As he straightened to light it, she saw that he looked tired and rather drawn. And suddenly she knew that what she felt for him was no transient physical attraction, no giddy infatuation. She was deeply and irrevocably in love with him.
‘I’ll see you home,’ he said. ‘I’m sorry to have kept you up so late.’
‘It doesn’t matter. Let me get you something to eat. It’s a long drive back from London. Or did you stop for a meal on the way?’
‘I had something before I left town.’
‘That was hours ago. I’ll make some coffee and toast,’ she said firmly, picking up her tea tray and carrying it back to the kitchen. ‘Where does Mrs. Rose keep the bread?’
Simon followed her and pulled open a deep ventilated drawer lined with laminated plastic. Then he leaned against one of the units, watching her slice the loaf and load the electric toaster, his eyes narrowed and intent.
Conscious of dishevelled hair and sleep-flushed cheeks, Jenny said, ‘Is my nose shining like a beacon? I must have been asleep since about ten.’
‘You were dreaming. When I switched on the lamp, your lips were moving,’ he said.
‘Was I? I don’t remember.’
I only know that I woke up and saw you, and knew I loved you, she thought. And she was afraid to look at him for fear it might show in her eyes.
Simon ate and drank in silence, and Jenny cradled her cup between her palms and felt another, deeper warmth spreading inside her, making her feel more wholly alive than she had ever felt before. She was not in the least tired now. There was a delightful intimacy about being up so late with him, sharing a simple supper. Probably they were the only two people awake in the whole village, and she would have been happy to stay there till dawn.
But after he had drunk a second cup of coffee, Simon said, ‘It’s high time you were in bed. The dishes can wait until the morning.’

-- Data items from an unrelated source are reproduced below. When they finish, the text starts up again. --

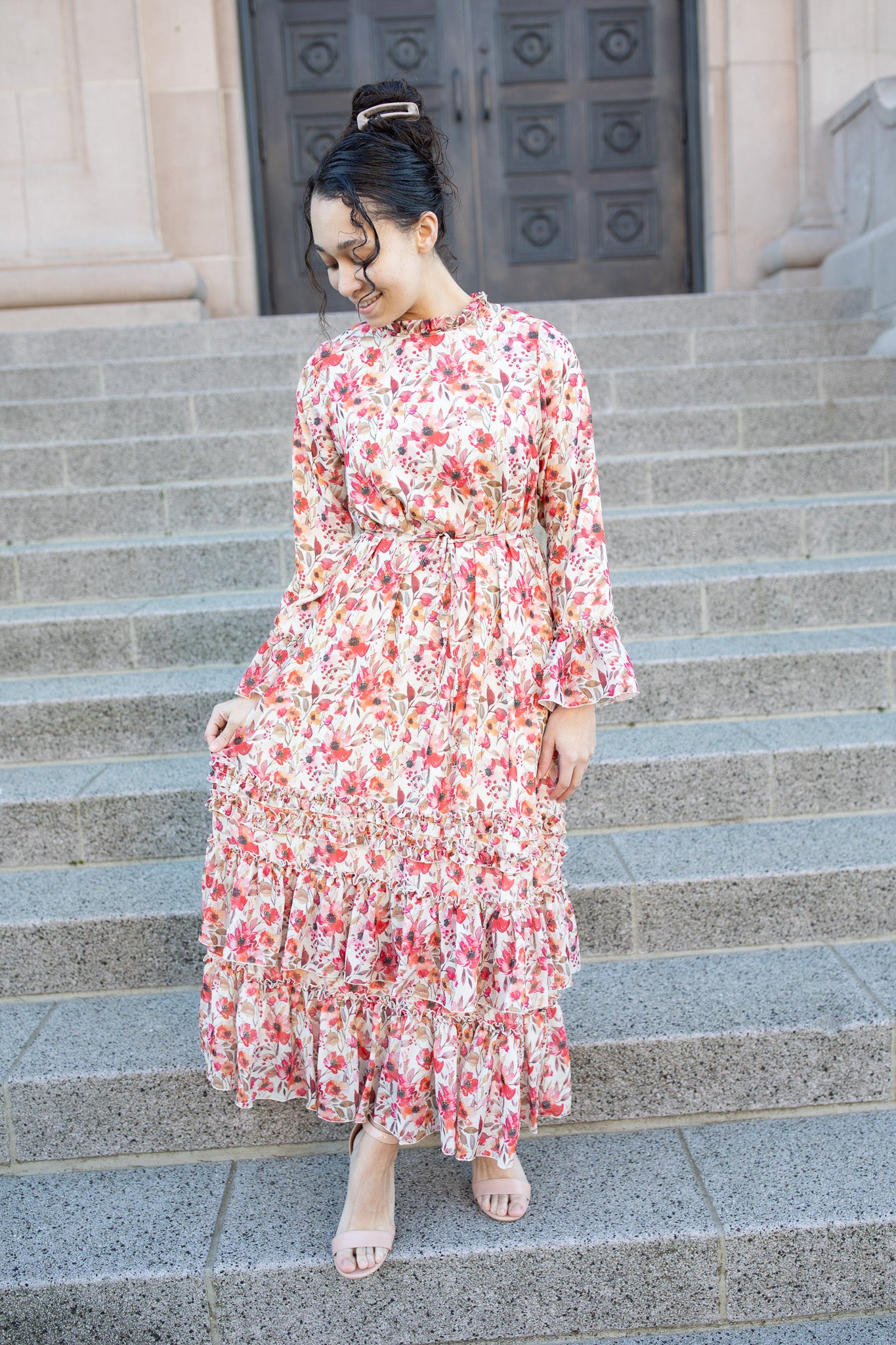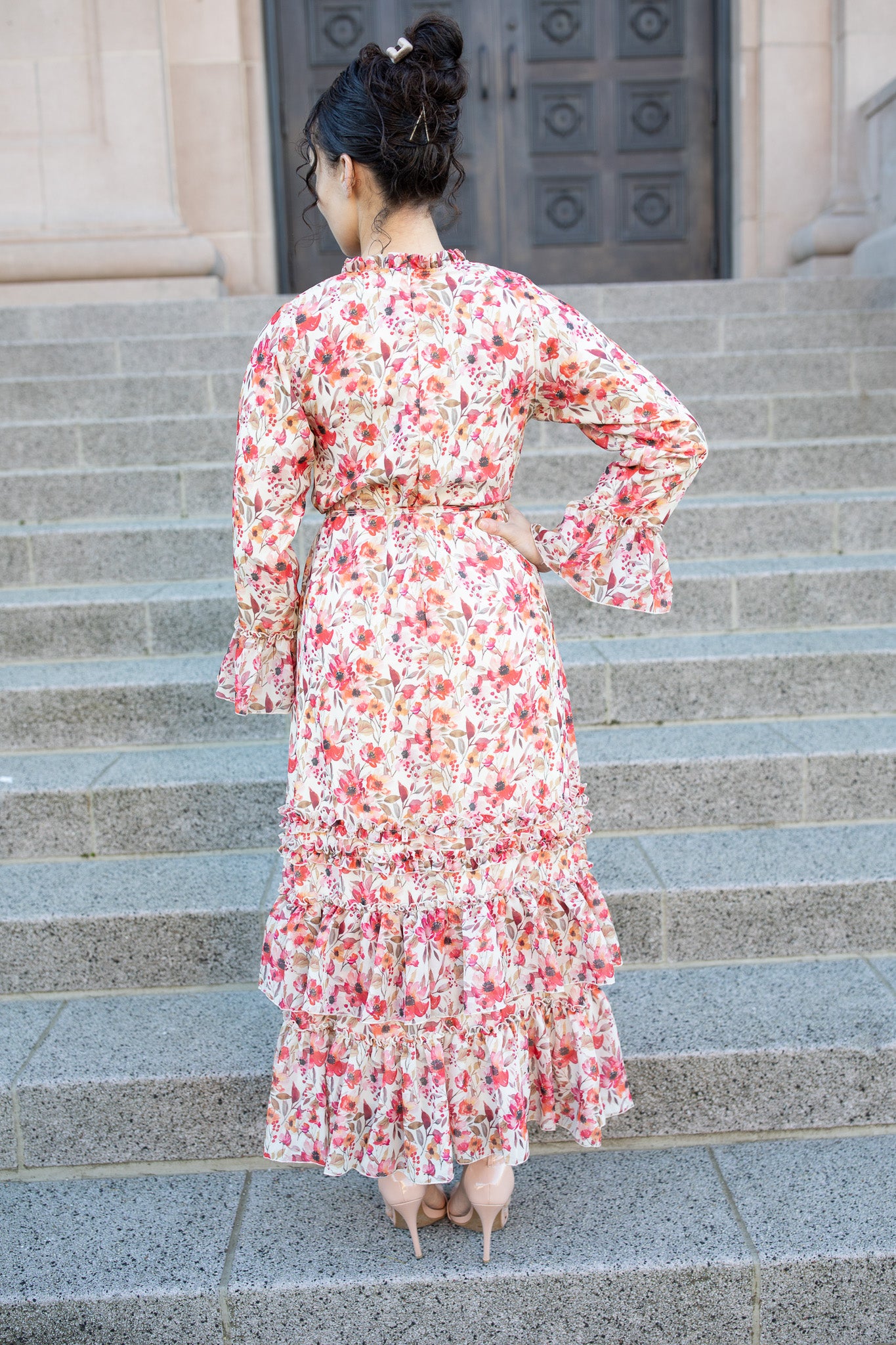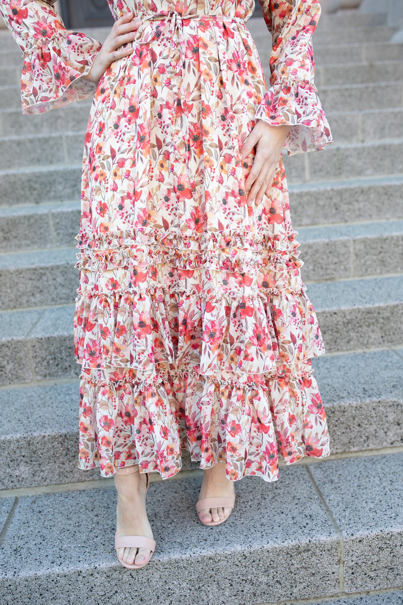 The flattering design can be styled two ways — wear it loose for an effortlessly flowy look or add the optional tie to define the waist. Ruffled cuffs, a romantic ruffle neckline, and cascading tiered hems add the perfect touch of graceful movement, making this dress ideal for Easter, Mother’s Day, weddings, or any special occasion.
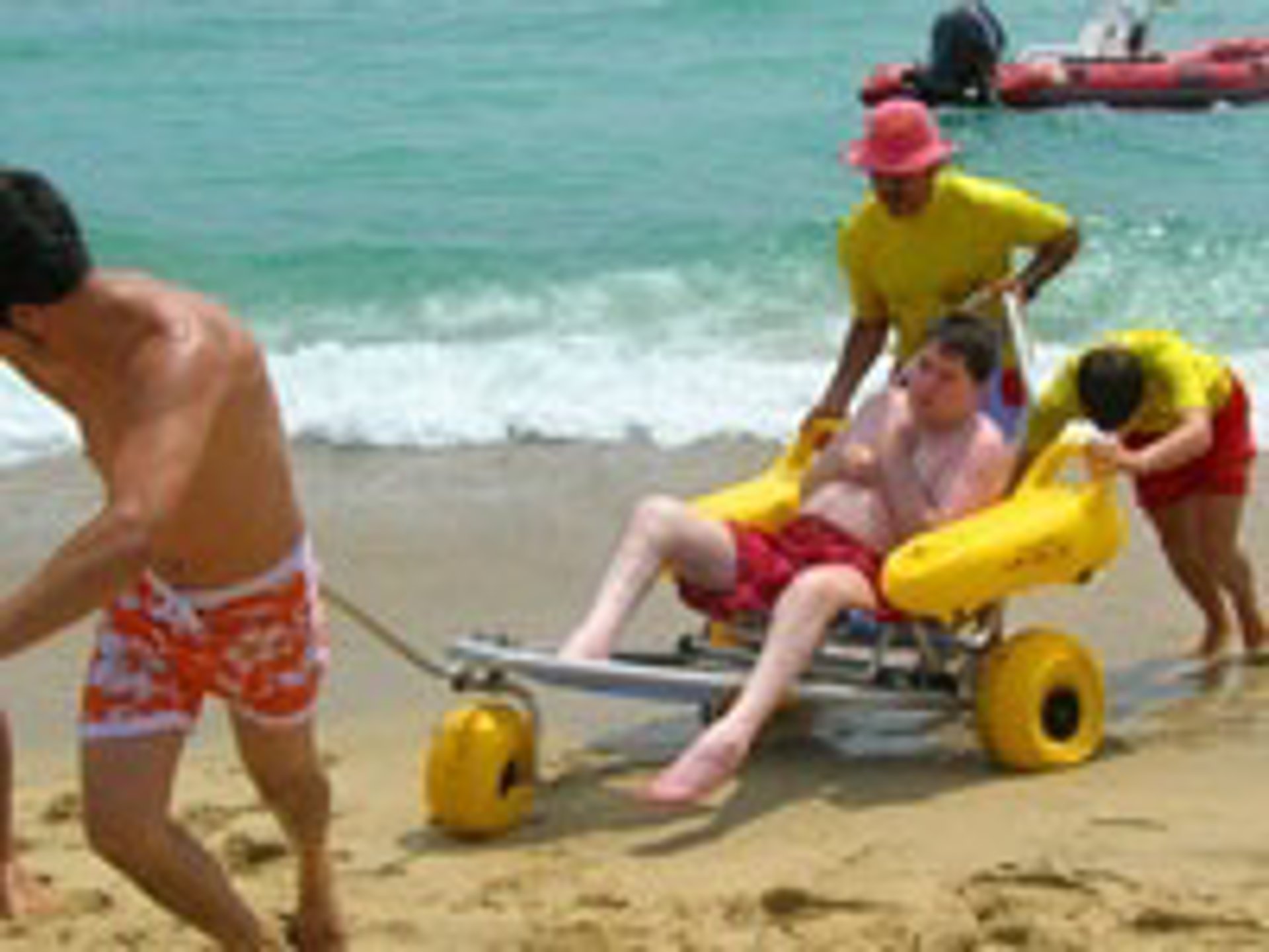 Cruz Roja Juventud Cartagena ha puesto en marcha un año más el servicio de baño adaptado a través de las sillas anfibias en la Playa del Barco Perdido (Playa Hotel Entremares) y Mar de Cristal.
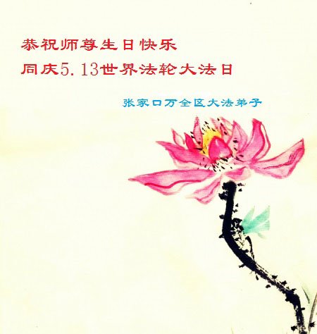 河北省张家口市宣化区一大法弟子庆祝世界法轮大法日!恭祝师父生日快乐!
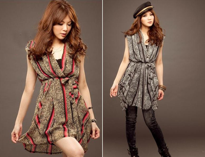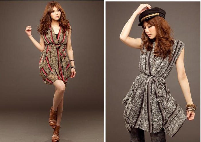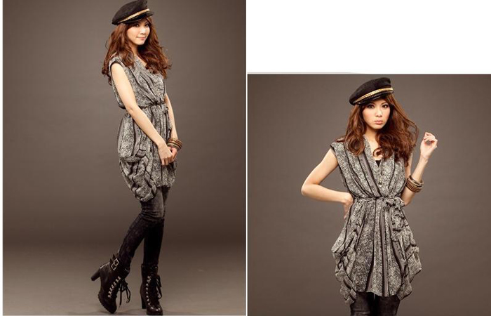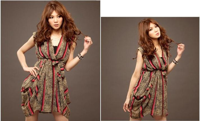 Amanda49 Fashionable Deep V-Neck Sleeveless Chiffon Dress For Women |
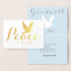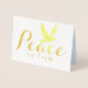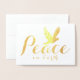 Una tarjeta de Relieve metalizado de oro con el mensaje de paz universal en tiempo de Navidad con las alas doradas de paloma estiradas sobre las palabras Paz en la Tierra en la portada y dentro de Goodwill to All en un suave fondo azul cielo. El mensaje dentro dice 'Feliz Navidad y Feliz Año Nuevo a Ti y a Ti' y firmó La Familia Jefferson cuyo nombre puedes alterar para que coincida con el tuyo con la herramienta personalizar. El pájaro Relieve metalizado dorado se repite en la parte posterior de la tarjeta. También puede cambiar el tipo de letra y el color de fondo.
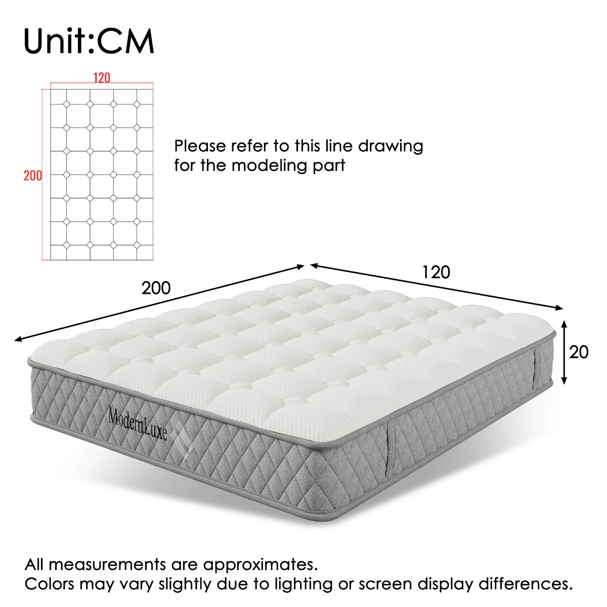 Ортопедический матрас из холодной пены 120х200 см, матрас с 7-зонным пружинным сердечником, уровень жесткости H3 (средний подтверждение), высота 20 см.
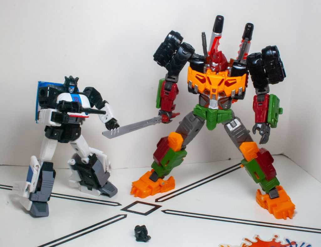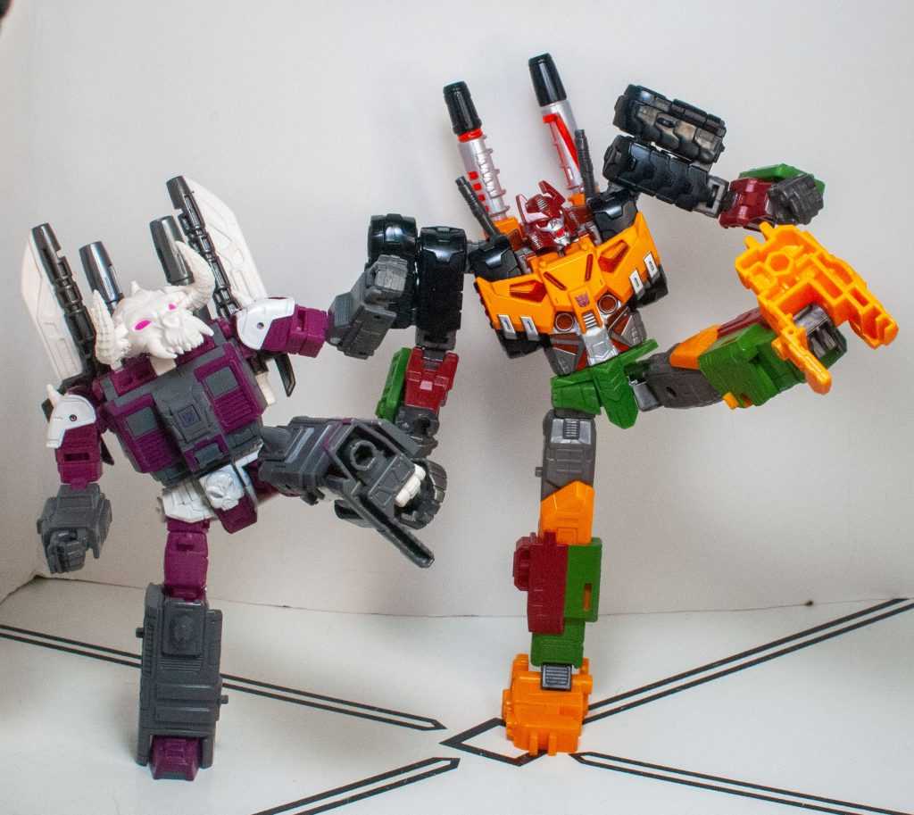 The only way this could be considered a downgrade is if you’ve got an issue with this tooling being really clearly designed as someone else, and given a new head and extra sword to turn him into Bludgeon. But that’s a really dour, unfun way to look at the hobby, and it’s still a very fun figure that works as the character it now represents. And as a fellow skeleton person, he makes a good companion piece for Legacy Skullgrin, a similarly fun, flexible surprise of a toy.

There was a waxing moon in the sky, and they had no need of a torch to see their way round to the Rectory. But Simon slid his hand under her arm, as they walked along the road and up the drive.
She wondered what he would say if she suggested that it was much too lovely a night to be wasted in sleep, and she felt like going for a walk. A spasm of laughter shook her.
He must have felt it, and thought she was cold, for he quickened his pace.
In the shadow of the porch, he said softly, ‘Thanks for holding the fort, Jenny. Good night.’
She crept silently upstairs to her room, and a few minutes later she saw the light go on in his bedroom, illuminating the terrace. Then, after about fifteen minutes, it went out again, and she put on her own lamp and began to undress.